The "Project for Excellence in Journalism" is an initiative to clarify and raise the standards of American journalists. Created by a wide range of journalism practitioners with the Columbia University Graduate School of Journalism and underwritten by the Pew Charitable Trusts,
"The project pursues the aim of clarifying standards by bringing journalists together to decide for themselves what their purpose and aims are."
With the Nieman Foundation at Harvard, this project sponsors The Committee of Concerned Journalists, a consortium of reporters, editors, producers, publishers, owners, and academics worried about the future of the profession. According to the committee's "Statement of Concern,"
"This is a critical moment for journalism in America. While the craft in many respects has never been better consider the supply of information or the skill of reporters there is a paradox to our communications age. Revolutionary changes in technology, in our economic structure, and in our relationship with the public, are pulling journalism from its traditional moorings."
The group has already held a number of forums to create a "national conversation" among journalists about principles.

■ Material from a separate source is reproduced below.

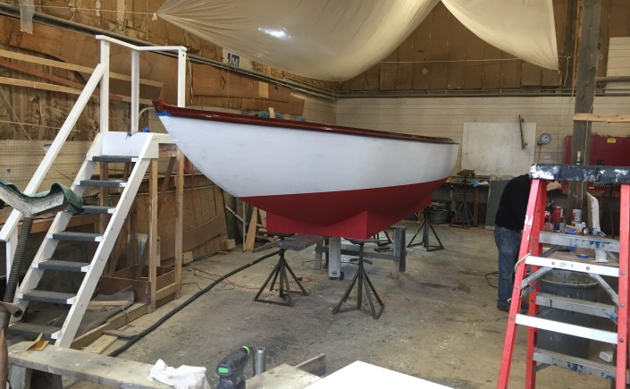 We first stripped and splined the hull to make it rigid.  The hull was then cut open and a platform/cradle was constructed to support the hull.  The opening was framed up and the interior edge was finished with the same arc as the toe rail.  The deck was faired and a new layer of dynel was applied.  The boat was completely refinished with new paint and varnish and then transported by trailer to Massachusetts.
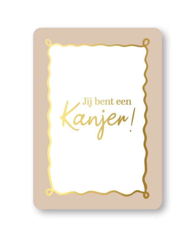 Wenskaart met de tekst “Jij bent een kanjer!”. Een mooie en persoonlijke kaart om jouw boodschap op te schrijven voor een kanjer. Specificaties: ∙ Formaat: A6 ∙ Luxe afwerking met goudfolie ∙ Mooi stevig papier ∙…

The committee's web page (www.journalism.org/concern.htm) outlines the goals of the conversations:
- to clarify and renew journalists' faith in the core principles and function of journalism
- to create a better understanding of those principles by the public
- to engage and inform ownership and management of these principles and their financial as well as social values
Another focus of the project and the committee is the recently released "Local TV News Project." The study examined evening news at stations in 20 markets ranging in size from Albuquerque to New York. Stations received a letter grade which included ratings with a quality score that considered: topic range, focus, source expertise, local relevance, enterprise, number of sources, and viewpoints. In Seattle, KING-TV got a "C," KOMO-TV a "D," and KIRO-TV and "F+." It is noteworthy, if not conclusive, that the highest scoring station in the study was WEHT-TV in Evansville, Indiana, a privately owned stand-alone. The lowest score went to WTAE-TV, a Hearst media conglomerate property in Pittsburgh.
Local relevance in political coverage is part of what this report considers "supporting citizen effectiveness." But in most news media, that support is limited to coverage of elections. Citizens do need to know about the issues being considered and the positions of candidates standing for election. The problem has been that through the 1980s, coverage was mostly of the "contests," the personalities, and the intrigues. The issues behind the races and the real qualifications of the candidates are often utterly ignored. This shortcoming was so clear in the 1988 presidential elections that extensive reform of election coverage was apparent by 1992, nation-wide. The move toward civic journalism journalism intended to engage its public was partly born of this.